In a statement forwarded to the Global Times late Thursday, Luckin's board of directors said it received a letter on Monday from certain staffers containing allegations against Guo and "immediately formed an independent committee ... to conduct an investigation into the claims and the circumstances of the letter" 

Guo has denied the allegations in the letter, according to the statement which noted that the company "remains focused on growing its core coffee business and is committed to its long-term growth targets."

In an internal letter to all employees on Wednesday, Guo said that former chairman Charles Lu Zhengyao and former CEO Jenny Qian Zhiya organized and presided over the drafting of the letter, and some employees who were kept in the dark were coerced into signing the letter, according to media reports. 

Guo claimed he had filed a request with the board of directors to set up a task force to start a probe into the incident, media reported. 
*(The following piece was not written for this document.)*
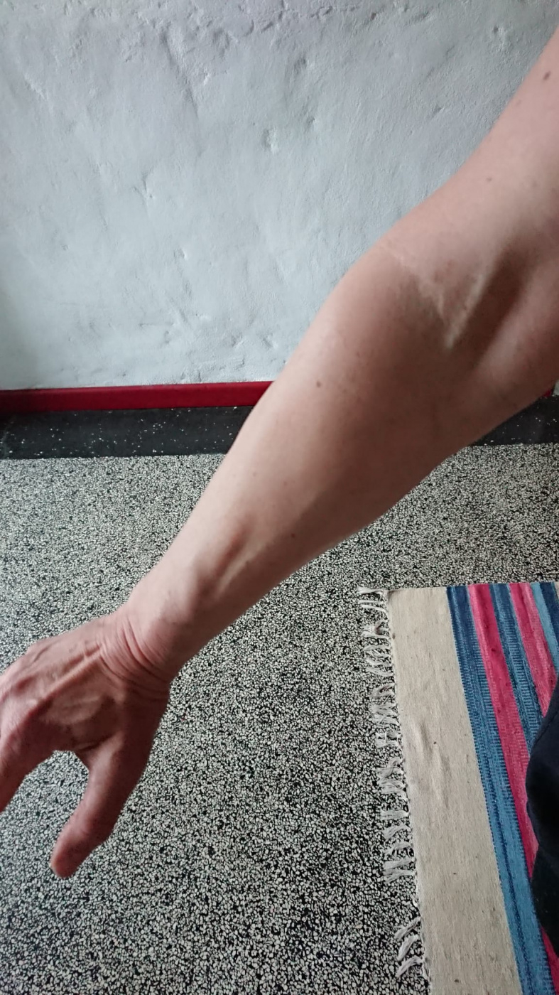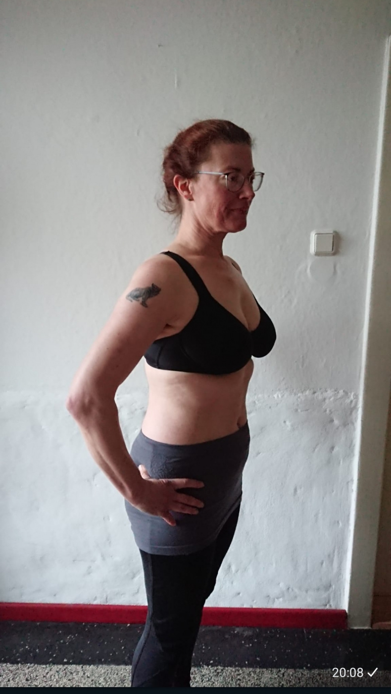 Heute 2×25+20+2×15+10 (ging irgendwie nicht mit aufhören und ich musste ja schön fürs Foto sein :lol:) Ich weiß nicht, ob man die veränderten Arme sieht, ich hätte messen müssen. Wenn es sich nur hier gerade nicht aufhängen würde... Auf jeden Fall hat sich in den Unterarmen und der Handmuskulatur reichlich getan, als ich dann endlich die Finger in die Matte boren konnte, hat es auch nicht mehr weh getan.

There has been skepticism about Luckin's operational approach since it was hit by the accounting scandal in April 2020, said Zhang Yi, CEO and chief analyst at consultancy iiMedia Research, noting that the company's performance shows it is meeting Chinese consumers' needs.

Over 60 percent of Luckin's nearly 3,900 self-operated stores were profitable on an individual level in November 2020, according to a statement on the company's website. 

The internal management conflicts will inevitably slow Luckin's expansion, but the possible management reshuffle is unlikely to have any fatal consequences, Zhang told the Global Times on Thursday. 

The chain was founded in 2017 and quickly rose to prominence with its ambitious expansion across China. It pulled off an IPO in the US in May 2019. 

It announced plans to delist from NASDAQ in June 2020 following fraud allegations, and it revealed in December it had reached a settlement with the US Securities and Exchange Commission to pay a $180 million penalty to settle the fraud charges.